Facing this challenge, researchers at Tsinghua University and other institutions have proposed the concept of “brain-like computing completeness”, which relaxes the requirements for hardware integrity and proposes a corresponding system hierarchy, including Turing-complete software Abstract models and general abstract neuromorphic architectures.
Using this hierarchy, we can describe various programs into a unified representation and translate into equivalent executables on any neuromorphic complete hardware. This means that this system can ensure programming language portability, hardware integrity and compilation feasibility.
To support the execution of different types of programs on various typical hardware platforms, the researchers implemented a series of toolchain software, which in turn demonstrated the advantages of this system architecture.
Brand New System Hierarchy
In this study, the researchers proposed a highly versatile and pervasive brain-inspired computing system hierarchy, which includes three levels: software, hardware, and compilation.
Unlike the traditional computing system hierarchy, for the brain-inspired computing system hierarchy, the software layer refers to neuromorphic application and development frameworks (such as Nengo and PyTorch). Correspondingly, researchers propose to use POG as an intermediate representation of software, and EPG as an intermediate representation of hardware (CFG, control flow graph), and introduce a compilation tool to convert POG into EPG. For the hardware layer, the researchers proposed Abstract Neuromorphic Architecture (ANA), including scheduling unit, processing unit, memory, and interconnection network, as an abstraction of neuromorphic hardware (TrueNorth, SpiNNaker, Tianjic, and Loihi).

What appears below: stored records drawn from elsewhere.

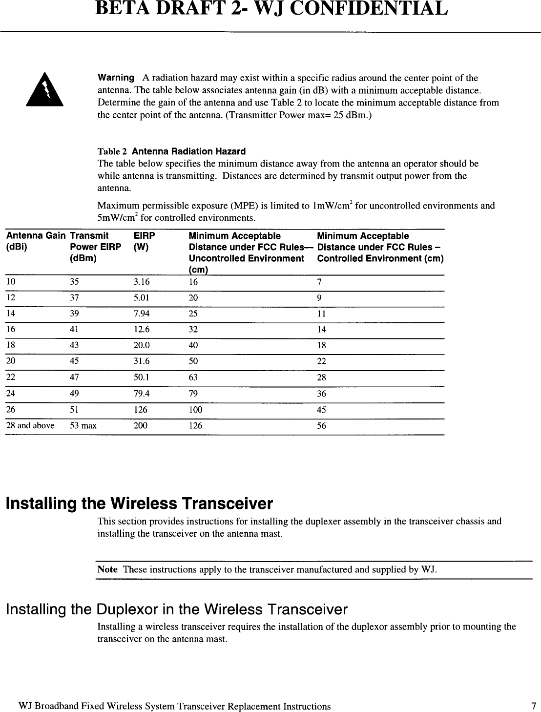 WJ Communications, Inc. WJ instruction manual with page 7 to be replaced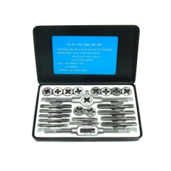 Набор дюймовый метчиков и плашек в металличиском кейсе. Размеры: 1/4NC20; 1/4NF28; 5/16NC18; 5/16NF24; 3/8NC16; 3/8NF24; 7/16NC14; 7/16NF20; 1/2NC13; 1/2NF20; 1/8NPT27. Всего 24 предметов в комплекте.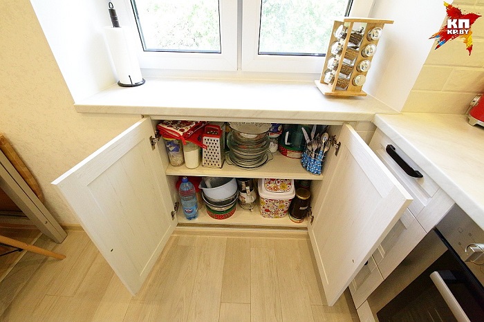Ящик с полками под подоконником. / Фото: Ryazan.kp.ruНа маленькой кухне главной проблемой является хранение. Ведь чтобы разместить посуду, кухонные гаджеты, продукты питания, полотенца и прочие нужные предметы двух шкафчиков явно будет маловато. Помочь в этой ситуации сможет подоконник (но лишь в том случае, если под ним не располагается батарея). Площадь под ним можно использовать для установки дополнительного шкафа, высота которого будет чуть меньше высоты подоконника. Лучше всего подбирать мебель в едином стиле с кухонным гарнитуром – так интерьер кухни будет смотреться целостным и гармоничным, а новая система хранения не выбьется из общей картинки. Также под подоконником отлично будет смотреться посудомоечная или стиральная машина (если для нее не нашлось места в ванной).Если вам не нравится ни один из предложенных вариантов, используйте подоконник в качестве полочки. Разместите там красивые контейнеры с крупами, чай, кофе в керамических баночках, специи. Лучше всего подбирать емкости из одного набора. Обращайте внимание на цвет – он должен гармонично вписываться в интерьер. Кстати, если кухня оформлена в светлых оттенках, контейнеры могут стать яркими акцентами.
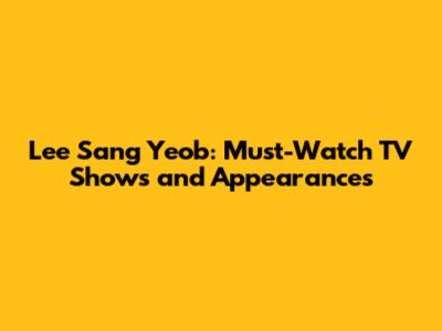 Lee Sang Yeob: Must-Watch TV Shows And Appearances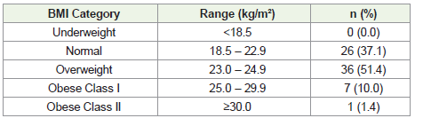 According to WHO classification for Asian populations, more than half of the participants (51.4%) were overweight, and an additional 11.4% were obese (Class I and II combined). No participants were under-weight. These findings reinforce the elevated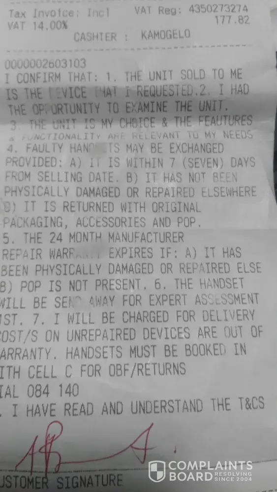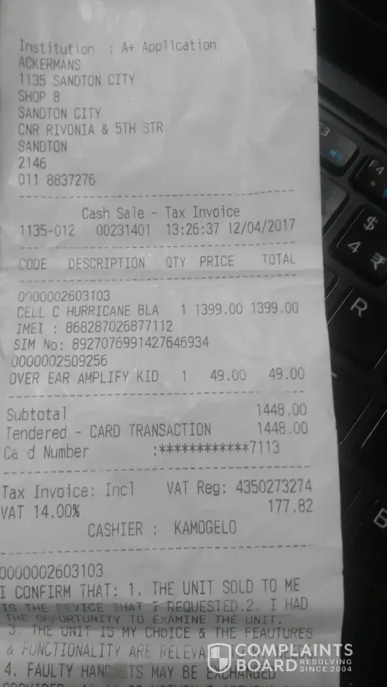 We handed in my Hurricane Blast for repairs at Ackermans on the 9th May 2018. We were informed by Cell C repairs department that our warranty has expired. My tax invoice indicate that I have a 24 month manufacturer warranty. I purchased the tablet on the 12th April 2017. The Cell C repair department said that I must take this up with Ackermans because they only have a 12 month warranty.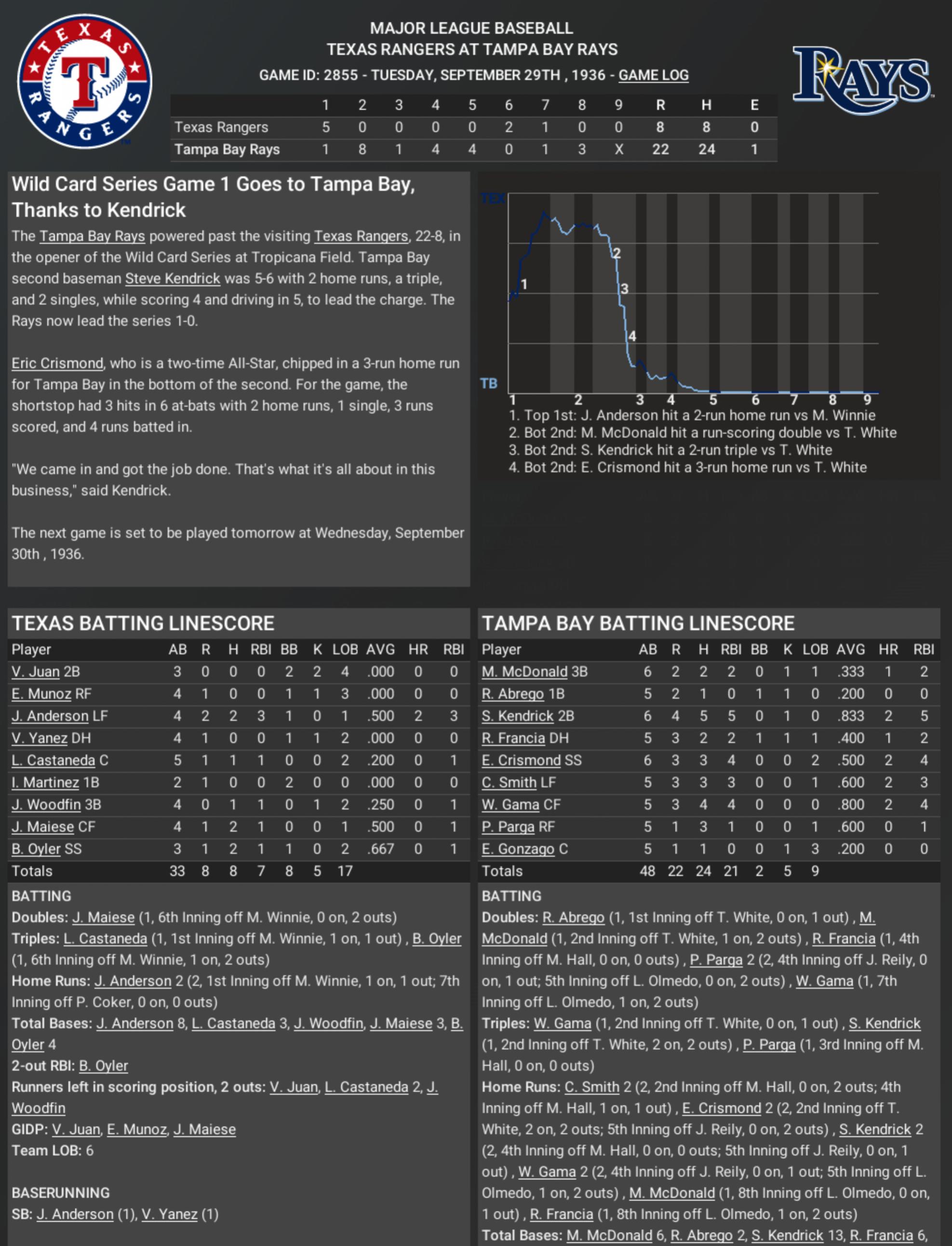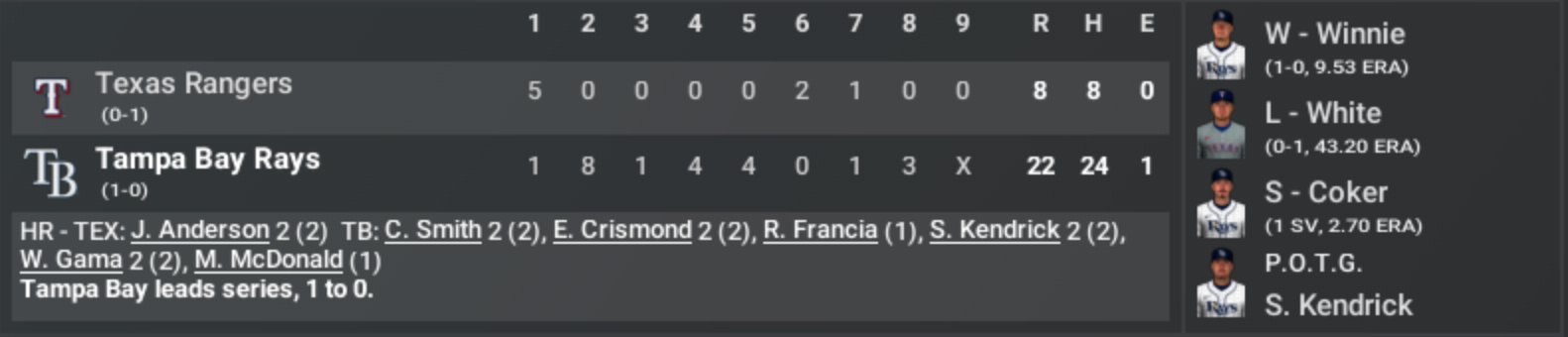 So let me get this straight. Texas scores FIVE runs in the first inning… …and still loses by fourteen. That tells you everything about Tampa Bay — and everything about Texas. This game was over before it was competitive, and then it became something else entirely: a message. Let’s start big picture, because that’s what I do. Tampa Bay hit TEN home runs. TEN. In a playoff game. That’s not variance. That’s not luck. That’s who they are. This is the fourth straight year Tampa Bay has been a real October team, and what do real October teams do? They don’t panic. They absorb punches, and then they counter with a sledgehammer. Texas lands the first punch — boom, 5–0 — and Tampa responds with EIGHT runs in the second inning like, “Cute. Now sit down.” And the star of the show? Steve Kendrick. Five-for-six. Two homers. A triple. Five RBIs. Four runs scored. That’s not a hot night. That’s a career-defining playoff performance. You know how I always say: great teams have players who turn moments into resumes? That’s Kendrick. This game is going to live on his baseball card forever. And it wasn’t just Kendrick. That’s the scary part. Crismond: two homers, four RBIs Gama: two homers, four RBIs C. Smith: two homers Everyone ate This was a team flex. Tampa didn’t just beat Texas — they embarrassed the entire concept of pitching depth. Texas used five pitchers and none of them survived. One of them had a Game Score of ONE. That’s not playoff baseball, that’s batting practice with consequences. Now let’s talk about Texas, because somebody has to. This is the danger of being a good-but-not-great team. You win 88 games, you feel validated, and then you walk into a stadium with a real contender and realize you’re playing a different sport. Texas isn’t bad. They’re just not built for this. Their pitching staff cracked immediately, and once it cracked, it shattered. This wasn’t nerves. This was exposure. And here’s the takeaway — the thing people will talk about tomorrow: Tampa Bay didn’t even pitch well. Their starter gave up seven runs and they still won by fourteen. Why? Because elite offenses erase mistakes. Good teams need everything to go right. Great teams don’t. That’s why Tampa keeps showing up in October. That’s why Anaheim and Cleveland are waiting. And that’s why Texas is already in trouble. Game 1 goes to Tampa Bay. But more importantly? The psychological edge is gone. Texas knows it now. And Tampa made sure everyone else did too. This series didn’t start. It got claimed. 💣⚾️ |

Considering the similarity of brain-like computing, the researchers further proposed the concept of “brain-like computing completeness”, introducing approximation equivalence and precise equivalence.
Hierarchical comparison of brain-like computer systems and traditional computer systems.
Software in the figure refers to programming languages or frameworks, and the algorithms or models built on top of them. At this level, the researchers proposed a unified and general software abstraction model – POG (programming operator graph) – to adapt to a variety of brain-inspired algorithms and model designs. POG consists of a unified description method and an event-driven parallel program execution model that integrates storage and processing. It describes what a brain-inspired program is and defines how to execute it. Since POG is Turing complete, it can support multiple applications, programming languages and frameworks to the greatest extent.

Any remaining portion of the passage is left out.